WHAT YOU NEED TO DO: Go through the listing and set it down exactly, leaving out its pictures.

INPUT RECORDS:
:::

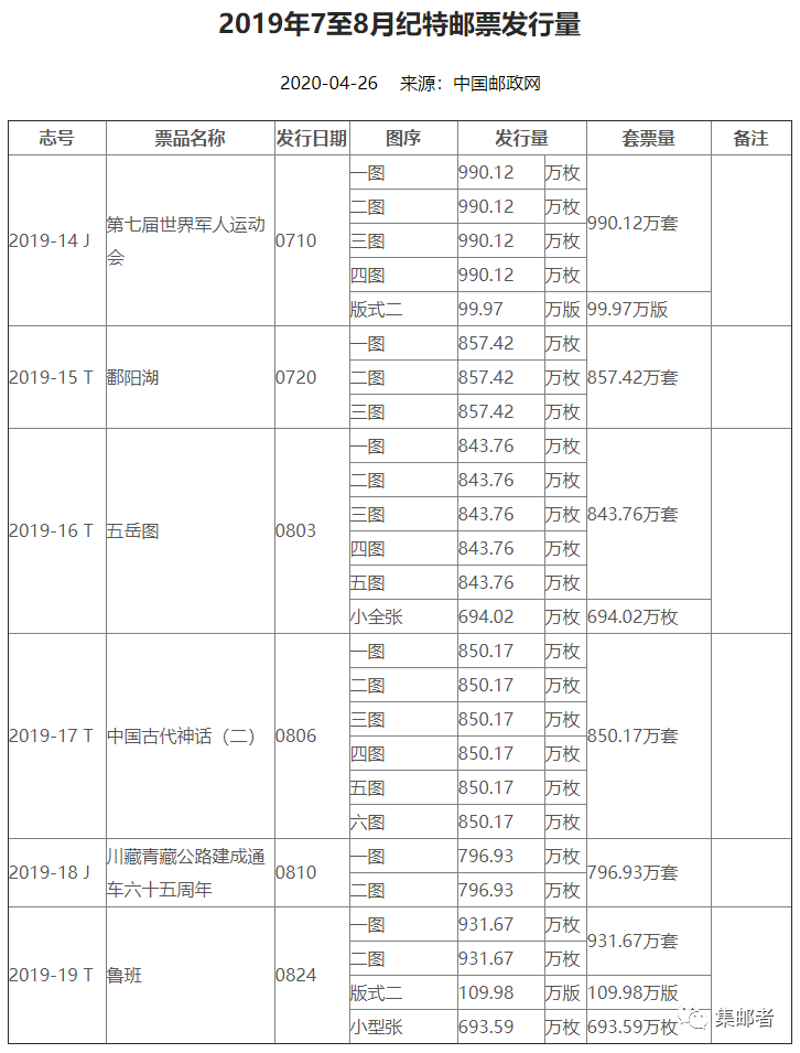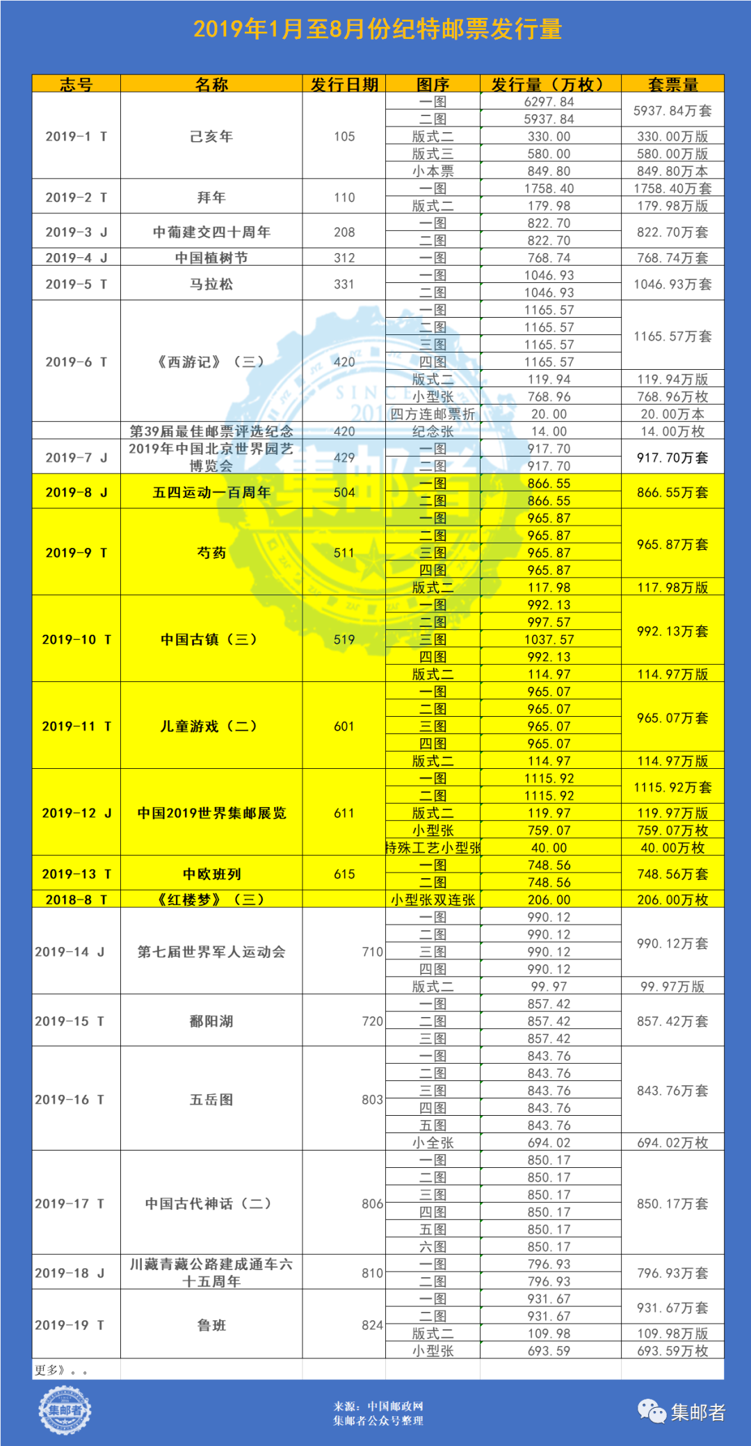 在2019年7-8月邮票发行量公布后,已发行却未知的新邮发行量只剩下2019的9月到12月的了,从2020年新邮发行前就公布计划发行量后,对于邮票无论从收藏或投资来讲,都更加的透明化。
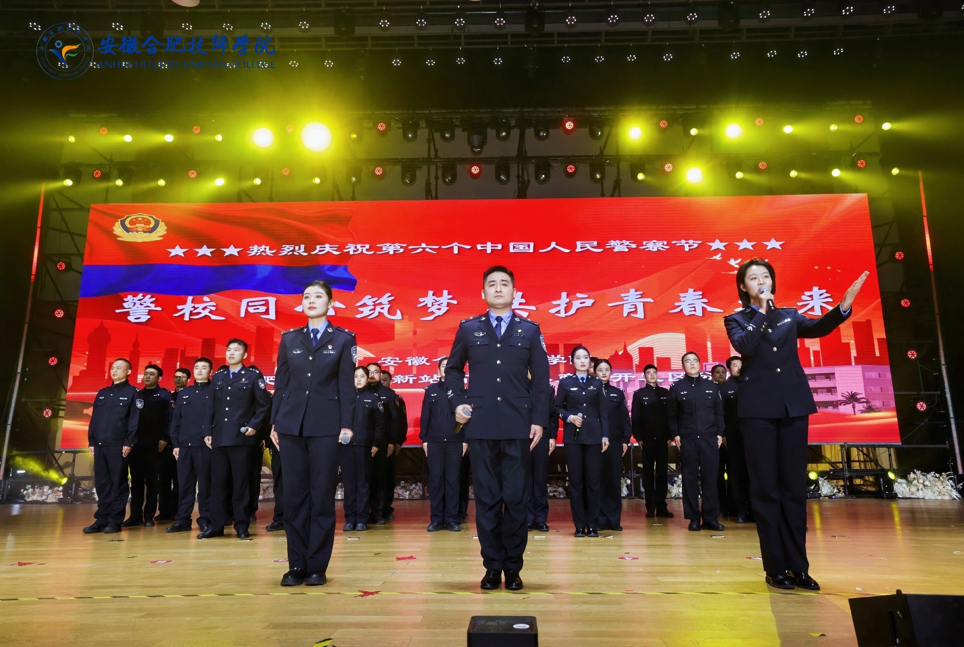 本次联欢会以”技能报国启新程 警校企社共迎春“为主题,通过丰富多彩的文艺形式,集中展现了学院师生昂扬向上的精神风貌与扎实精湛的专业技能,生动诠释了警校共建、校企融合、协同育人的丰硕成果。活动在《大家一起喜洋洋》与《夜鱼龙舞》的喜庆暖场表演中正式拉开帷幕。
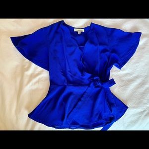 Accentuates curves with a tie waist and ruffles around the bodice area. Gorgeous royal blue color will be sure to capture anyone’s eye and is perfect for date night!
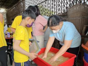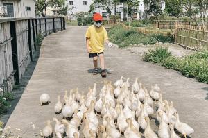 - 跨越一座山,來到了苑裡的鴨庄農場,這裡以維護生態環境,創造大小動物及植物最自然的棲息地為主,種植稻米,並輔以鴨子作為耕作之農夫,期待能藉由最無毒自然的方式,種植水稻。鴨子能捕食福壽螺,亦能將稻田根扎的更深,一舉兩得。本次辦理活動之目的,希冀孩子能更加理解在務農或種植任何作物時,能使用最自然無害的方式與這片土地共創最美的果實,並帶著這樣的觀念,能在自己的家鄉進行回饋及反思。
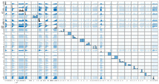 Figure 2 presents a comprehensive matrix of scatter plots and histograms systematically displaying the relationships and distributions among various real estate characteristics. Each subplot on the diagonal represents a histogram showing the distribution of a single variable, such as price, square footage, or the year of construction. Scatter plots off the diagonal illustrate the pairwise relationships between these variables. Variables like price and square footage display right-skewed distributions, suggesting a concentration of data at lower values with a tail extending towards higher values. The year of construction histogram indicates a multi-modal distribution, reflecting distinct periods of intensified building activity. The price-versus-square-footage scatter plot, located in the intersection corresponding to these two variables, shows a positive correlation, where larger properties tend to command higher prices. The correlation between the year of construction and price appears to be weaker, with newer properties occasionally fetching higher prices but with significant variability. Plots involving geographic location (not explicitly labeled here but typically represented) might show clusters, indicating price homogeneity within specific regions or variances in pricing trends across different areas. This plotmatrix is an effective tool for visually detecting trends, correlations, and distributions across multiple dimensions of data simultaneously. The presence of trends or outliers can quickly be assessed, providing a foundation for deeper statistical analysis or the development of predictive models. This matrix format allows researchers and analysts to grasp complex interrelationships and distributions without flipping through multiple charts, streamlining preliminary data exploration and hypothesis generation regarding real estate market behaviors.
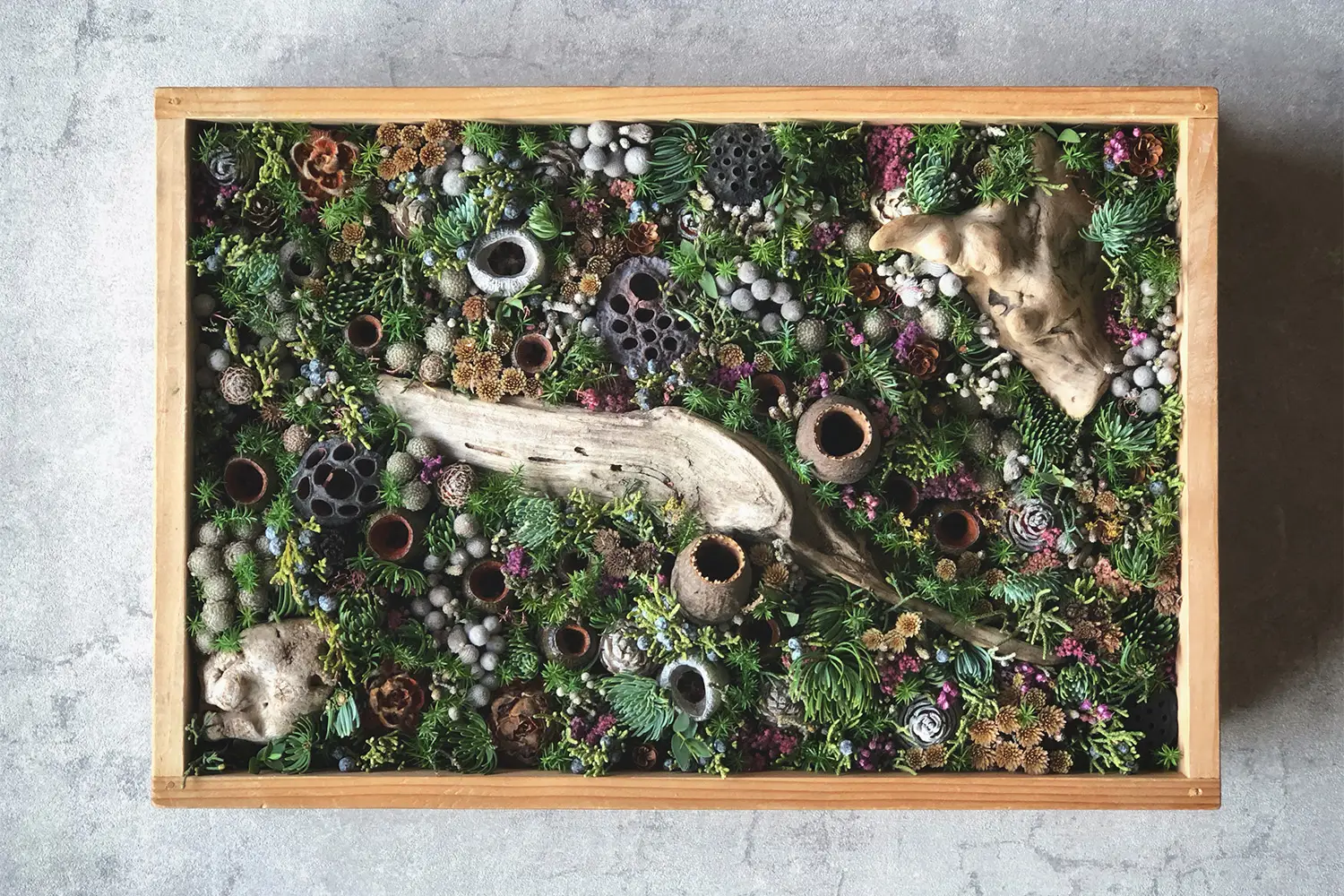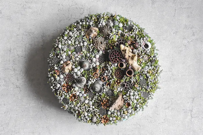 生態系が揺らぎ、情報が溢れる「蒼茫(そうぼう)とした混沌」の中で、未だ定義されていない未来の植物風景を具現化するシリーズ。生花と乾燥植物が複雑に絡み合う情景は、過去と未来、現実と幻想が交差する「草昧=未分化な始まり」の姿です。加速し続ける日常に対し、堆積する自然の重みを空間に静かに介入させます。
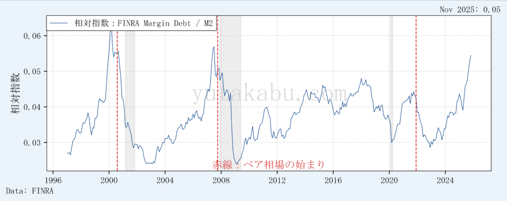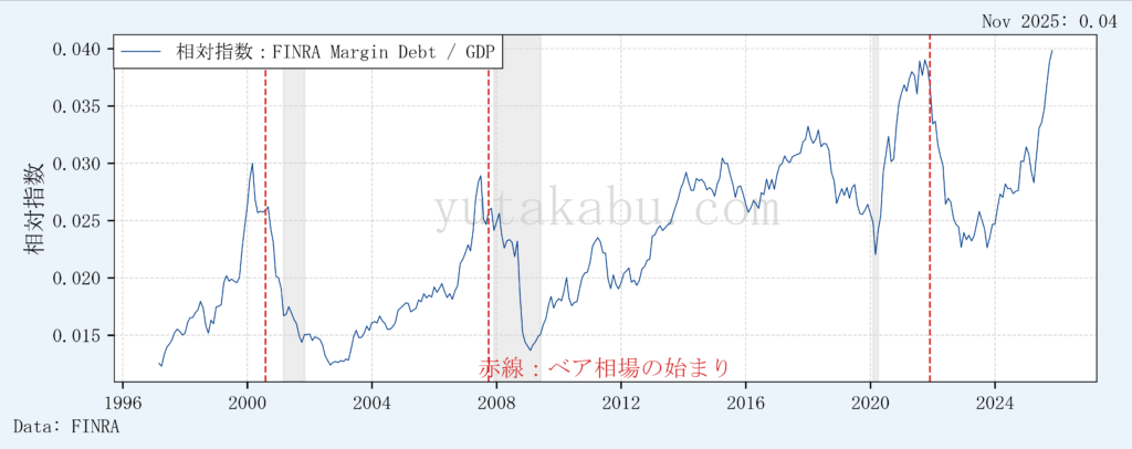 続いてこちらは、先ほど確認した米国株式市場の信用取引残高を、名目GDPで割って算出した相対指数です。単なる金額の増減ではなく、実体経済の規模に対して、どの程度のレバレッジが市場に積み上がっているのかを示す、投資家にとって重要な指標と言えます。GDPに対する信用取引の規模は、ついに過去最高水準を更新し、米国金融市場の過熱感が一段と強まっていることを示唆しています。チャート上の赤線は、過去に長期的なベア相場へと移行したタイミングを示しています。仮に歴史が繰り返されるのであれば、ベア相場入りする前に、GDPに対する信用取引は大きく縮小することになります。長期投資家にとっては、市場の転換点を見極めるうえで、毎月欠かさずチェックすべきチャートであるのは間違いありません。
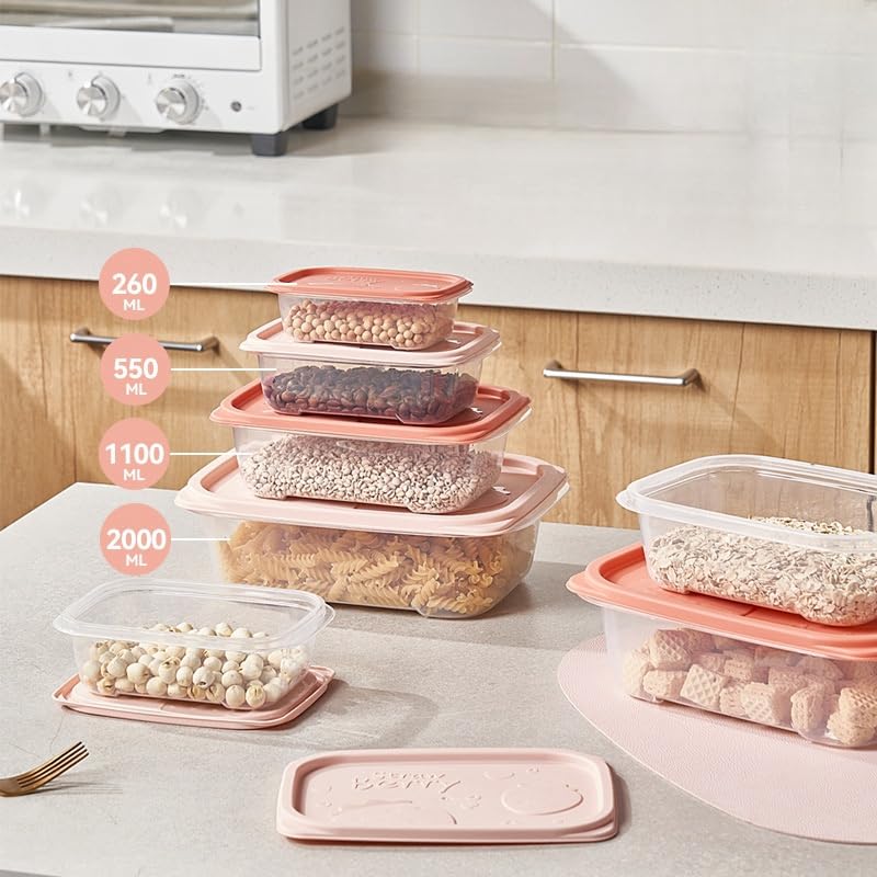 - قابلة للتكديس وموفرة للمساحة - يساعد التصميم المتداخل على تنظيم الخزائن أو الثلاجة أو حقائب الغداء بكفاءة.

:::

OUTPUT OF THE EXERCISE:
 在2019年7-8月邮票发行量公布后,已发行却未知的新邮发行量只剩下2019的9月到12月的了,从2020年新邮发行前就公布计划发行量后,对于邮票无论从收藏或投资来讲,都更加的透明化。
 本次联欢会以”技能报国启新程 警校企社共迎春“为主题,通过丰富多彩的文艺形式,集中展现了学院师生昂扬向上的精神风貌与扎实精湛的专业技能,生动诠释了警校共建、校企融合、协同育人的丰硕成果。活动在《大家一起喜洋洋》与《夜鱼龙舞》的喜庆暖场表演中正式拉开帷幕。
 Accentuates curves with a tie waist and ruffles around the bodice area. Gorgeous royal blue color will be sure to capture anyone’s eye and is perfect for date night!
 - 跨越一座山,來到了苑裡的鴨庄農場,這裡以維護生態環境,創造大小動物及植物最自然的棲息地為主,種植稻米,並輔以鴨子作為耕作之農夫,期待能藉由最無毒自然的方式,種植水稻。鴨子能捕食福壽螺,亦能將稻田根扎的更深,一舉兩得。本次辦理活動之目的,希冀孩子能更加理解在務農或種植任何作物時,能使用最自然無害的方式與這片土地共創最美的果實,並帶著這樣的觀念,能在自己的家鄉進行回饋及反思。
 Figure 2 presents a comprehensive matrix of scatter plots and histograms systematically displaying the relationships and distributions among various real estate characteristics. Each subplot on the diagonal represents a histogram showing the distribution of a single variable, such as price, square footage, or the year of construction. Scatter plots off the diagonal illustrate the pairwise relationships between these variables. Variables like price and square footage display right-skewed distributions, suggesting a concentration of data at lower values with a tail extending towards higher values. The year of construction histogram indicates a multi-modal distribution, reflecting distinct periods of intensified building activity. The price-versus-square-footage scatter plot, located in the intersection corresponding to these two variables, shows a positive correlation, where larger properties tend to command higher prices. The correlation between the year of construction and price appears to be weaker, with newer properties occasionally fetching higher prices but with significant variability. Plots involving geographic location (not explicitly labeled here but typically represented) might show clusters, indicating price homogeneity within specific regions or variances in pricing trends across different areas. This plotmatrix is an effective tool for visually detecting trends, correlations, and distributions across multiple dimensions of data simultaneously. The presence of trends or outliers can quickly be assessed, providing a foundation for deeper statistical analysis or the development of predictive models. This matrix format allows researchers and analysts to grasp complex interrelationships and distributions without flipping through multiple charts, streamlining preliminary data exploration and hypothesis generation regarding real estate market behaviors.
 生態系が揺らぎ、情報が溢れる「蒼茫(そうぼう)とした混沌」の中で、未だ定義されていない未来の植物風景を具現化するシリーズ。生花と乾燥植物が複雑に絡み合う情景は、過去と未来、現実と幻想が交差する「草昧=未分化な始まり」の姿です。加速し続ける日常に対し、堆積する自然の重みを空間に静かに介入させます。
 続いてこちらは、先ほど確認した米国株式市場の信用取引残高を、名目GDPで割って算出した相対指数です。単なる金額の増減ではなく、実体経済の規模に対して、どの程度のレバレッジが市場に積み上がっているのかを示す、投資家にとって重要な指標と言えます。GDPに対する信用取引の規模は、ついに過去最高水準を更新し、米国金融市場の過熱感が一段と強まっていることを示唆しています。チャート上の赤線は、過去に長期的なベア相場へと移行したタイミングを示しています。仮に歴史が繰り返されるのであれば、ベア相場入りする前に、GDPに対する信用取引は大きく縮小することになります。長期投資家にとっては、市場の転換点を見極めるうえで、毎月欠かさずチェックすべきチャートであるのは間違いありません。
 - قابلة للتكديس وموفرة للمساحة - يساعد التصميم المتداخل على تنظيم الخزائن أو الثلاجة أو حقائب الغداء بكفاءة.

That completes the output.